01.09.2021 -- #

Since I started my 300 litre aquarium last January I’ve been periodicity testing the water; mostly with home test kits but I’ve also sent in two ICP analysis. The observation notes were in emacs using org mode but recently I’ve wanted a summery view of the data with graphs. I decided to come out of free text land to something more structured and rewrote the notes into yaml.

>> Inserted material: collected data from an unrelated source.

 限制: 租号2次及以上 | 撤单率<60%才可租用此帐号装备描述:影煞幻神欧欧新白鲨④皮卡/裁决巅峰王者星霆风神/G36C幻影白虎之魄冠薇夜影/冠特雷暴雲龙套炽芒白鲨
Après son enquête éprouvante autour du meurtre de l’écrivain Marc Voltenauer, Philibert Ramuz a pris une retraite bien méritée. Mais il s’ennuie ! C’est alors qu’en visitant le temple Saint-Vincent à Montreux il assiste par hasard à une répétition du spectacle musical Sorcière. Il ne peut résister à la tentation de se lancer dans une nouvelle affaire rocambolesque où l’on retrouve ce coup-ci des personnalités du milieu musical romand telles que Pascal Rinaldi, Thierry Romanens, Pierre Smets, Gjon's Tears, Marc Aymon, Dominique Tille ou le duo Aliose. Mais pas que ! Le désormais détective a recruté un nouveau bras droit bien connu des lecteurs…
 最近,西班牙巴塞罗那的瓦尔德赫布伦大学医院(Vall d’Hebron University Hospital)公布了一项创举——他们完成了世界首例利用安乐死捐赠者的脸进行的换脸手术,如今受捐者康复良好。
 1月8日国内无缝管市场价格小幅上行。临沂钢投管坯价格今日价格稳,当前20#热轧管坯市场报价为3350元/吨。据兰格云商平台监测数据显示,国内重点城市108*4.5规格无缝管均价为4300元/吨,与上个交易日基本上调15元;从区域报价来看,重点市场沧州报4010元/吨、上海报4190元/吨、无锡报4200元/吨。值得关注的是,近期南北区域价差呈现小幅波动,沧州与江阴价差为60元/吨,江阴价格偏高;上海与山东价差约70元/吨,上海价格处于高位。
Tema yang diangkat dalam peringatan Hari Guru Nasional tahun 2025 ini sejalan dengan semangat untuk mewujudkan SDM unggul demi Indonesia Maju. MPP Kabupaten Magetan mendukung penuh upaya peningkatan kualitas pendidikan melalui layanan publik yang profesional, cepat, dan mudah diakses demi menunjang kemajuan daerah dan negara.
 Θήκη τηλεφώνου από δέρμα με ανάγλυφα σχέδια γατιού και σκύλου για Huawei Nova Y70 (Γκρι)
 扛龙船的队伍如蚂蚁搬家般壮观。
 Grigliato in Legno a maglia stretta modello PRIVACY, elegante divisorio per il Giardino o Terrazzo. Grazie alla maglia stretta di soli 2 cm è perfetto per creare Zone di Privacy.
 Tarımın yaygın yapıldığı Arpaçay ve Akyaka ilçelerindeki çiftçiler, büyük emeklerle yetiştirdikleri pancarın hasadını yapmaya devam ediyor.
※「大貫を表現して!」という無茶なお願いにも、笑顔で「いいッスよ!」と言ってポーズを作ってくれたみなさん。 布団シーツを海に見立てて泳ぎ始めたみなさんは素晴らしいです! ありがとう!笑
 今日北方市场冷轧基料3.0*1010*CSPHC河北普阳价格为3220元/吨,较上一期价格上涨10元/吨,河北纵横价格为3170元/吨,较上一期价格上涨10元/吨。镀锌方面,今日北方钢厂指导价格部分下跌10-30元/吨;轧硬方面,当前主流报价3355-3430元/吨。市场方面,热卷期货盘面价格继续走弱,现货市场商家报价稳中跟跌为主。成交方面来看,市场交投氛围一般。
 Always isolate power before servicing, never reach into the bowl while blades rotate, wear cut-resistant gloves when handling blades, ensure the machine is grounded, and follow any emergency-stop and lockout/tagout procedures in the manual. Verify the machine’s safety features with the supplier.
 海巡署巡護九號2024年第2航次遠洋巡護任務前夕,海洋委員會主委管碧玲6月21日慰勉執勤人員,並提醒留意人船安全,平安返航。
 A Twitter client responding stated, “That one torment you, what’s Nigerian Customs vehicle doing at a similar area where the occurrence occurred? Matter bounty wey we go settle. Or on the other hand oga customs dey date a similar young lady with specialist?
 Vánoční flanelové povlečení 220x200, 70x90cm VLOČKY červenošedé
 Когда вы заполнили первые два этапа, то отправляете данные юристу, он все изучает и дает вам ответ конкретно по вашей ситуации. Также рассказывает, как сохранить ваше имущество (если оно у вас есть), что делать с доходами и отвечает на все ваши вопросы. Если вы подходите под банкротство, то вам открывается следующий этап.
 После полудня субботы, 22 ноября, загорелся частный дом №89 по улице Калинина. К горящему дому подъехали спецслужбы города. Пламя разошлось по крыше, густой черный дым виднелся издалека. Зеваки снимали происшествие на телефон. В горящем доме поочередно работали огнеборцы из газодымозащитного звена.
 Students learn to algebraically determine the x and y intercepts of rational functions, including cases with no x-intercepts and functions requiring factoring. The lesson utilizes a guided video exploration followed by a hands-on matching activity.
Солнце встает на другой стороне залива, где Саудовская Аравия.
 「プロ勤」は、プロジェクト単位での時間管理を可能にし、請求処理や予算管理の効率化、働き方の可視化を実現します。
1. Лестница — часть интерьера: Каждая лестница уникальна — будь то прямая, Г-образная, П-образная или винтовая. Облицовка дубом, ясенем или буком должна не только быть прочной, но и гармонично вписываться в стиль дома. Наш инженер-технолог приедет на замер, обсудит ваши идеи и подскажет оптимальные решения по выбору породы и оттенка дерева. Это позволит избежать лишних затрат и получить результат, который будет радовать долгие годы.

My partner is in data analytics field. I’m aware of the vast expanse of data tools and languages such as R, Python, Jupiter Notebooks… but, working professionally everyday in frontend technologies I thought it would be faster do build something custom with React + Redux Toolkit. I uploaded the yaml file to s3, which is publicly exposed via cloudfront same as this site, then set about using redux toolkit rtf query to fetch the observations and load then into redux state. After a few hours I got stuck trying to mix local component state, useState, with the redux state and had react re-rendering issues. Wow the frontend space is getting complex these days. In frustration I started looking for another approach.

screenshot

screenshot

What was that JavaScript Notebook service I created an account last year then didn’t make anything? … Oh yeah! Observable.

With Observable I was able to reuse a the JS I just wrote, importing axios and js-yaml seamlessly. Then using their builtin plot library I was pretty quickly able to make the visualisation and worked in basic interactivity to select water parameter and time window using their viewof functionality. Turned out to be way easier and faster then rolling my own tool. I would highly recommend trying it out for similar use cases.